Search code examples
csegmentation-faultpthreadsstack-overflow

Declaring array in pthreads start_routine function causing segmentation fault


#include <stdio.h>
#include <pthread.h>

void* function(void* arg){
  int picture[4096][4096];
}

int main(){
  int N=10, S=10;
  pthread_t pids[10];
  pthread_create(&pids[0], NULL, function, NULL);
  pthread_join(pids[0], NULL);
  return 0;
}

I compiled the above code with: gcc test.c -pthread.

On running the executable, it crashes, displaying: Segmentation fault.

But, if I remove the int picture[4096][4096]; definition, it doesn't crash.
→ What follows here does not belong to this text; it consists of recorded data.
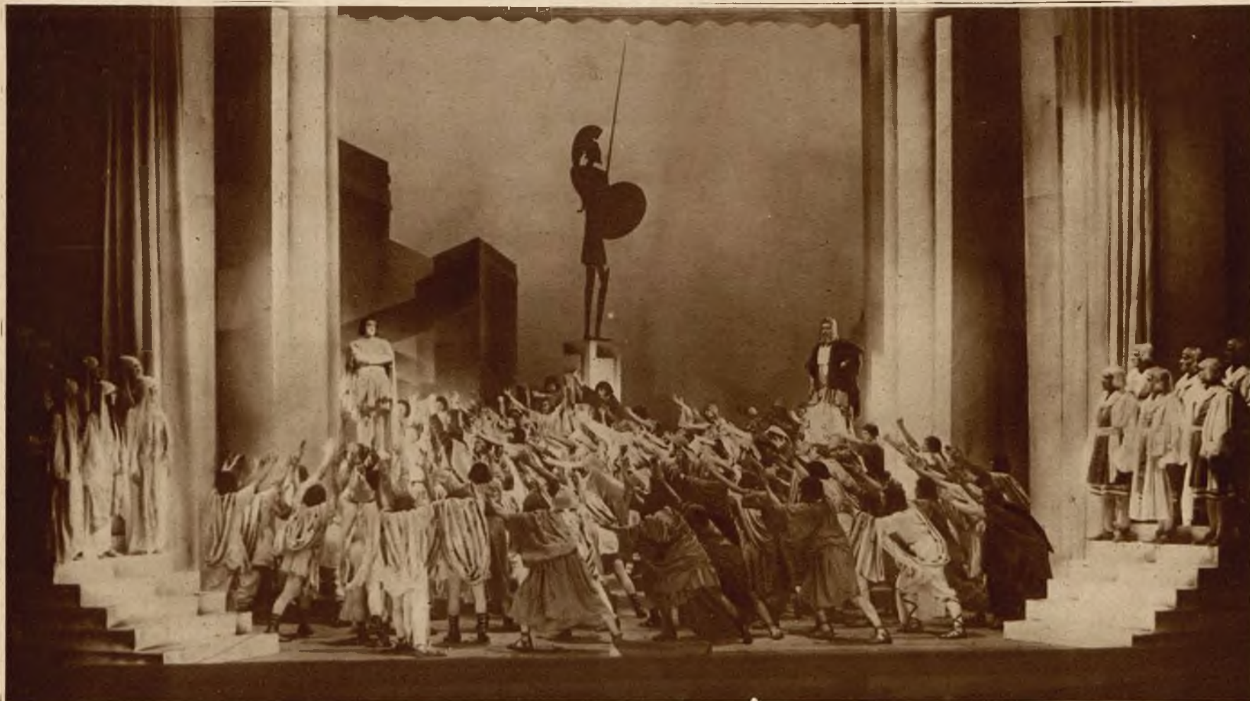
Dramat Słowackiego „Król Agis”, wystawiony został obecnie po raz pierwszy przez Teatr Narodowy w Warszawie. Zdjęcie nasze przedstawia scenę na rynku w Sparcie podczas sporu o istotę reformy rolnej.
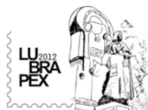
90 Anos - Monumento a Bartolomeu de Gusmão e da 1ª Travessia Aérea do Atlântico Sul Correios - Santos - SP 14 a 18.11.2012
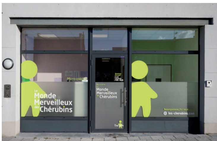
Le Monde Merveilleux des Chérubins (Actuellement en activité) Place de l'Europe
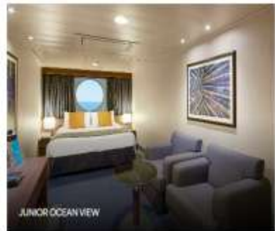
JUNIOR OCEAN VIEW
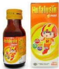
HUFALYSIN PLUS Suspensi Multivitamin dan Mineral

What could be the reason for this?


Solution

  • The crashing program is:

    #include <stdio.h>
    #include <pthread.h>
    
    void *function(void *arg)
    {
      int picture[4096][4096]; // 4096*4096*sizeof(int) = 67108864 bytes = 64 MB
    }
    
    int main()
    {
      pthread_t pids[10];
      pthread_create(&pids[0],NULL, function, NULL);
      pthread_join(pids[0],NULL);
      return 0;
    }
    

    The program crashes at execution time:

    $ gcc p.c -lpthread
    $ ./a.out 
    Segmentation fault (core dumped)
    

    Thread stack layout

    The default stack size for a thread in the GLIBC/pthread is 8 MB. At thread creation time, the Thread descriptor also called Task Control Block (TCB), is stored at the bottom of the stack and a red zone (guard page of 4 KB without read/write permission is set at the top of the stack). The stack grows from the high to low addresses.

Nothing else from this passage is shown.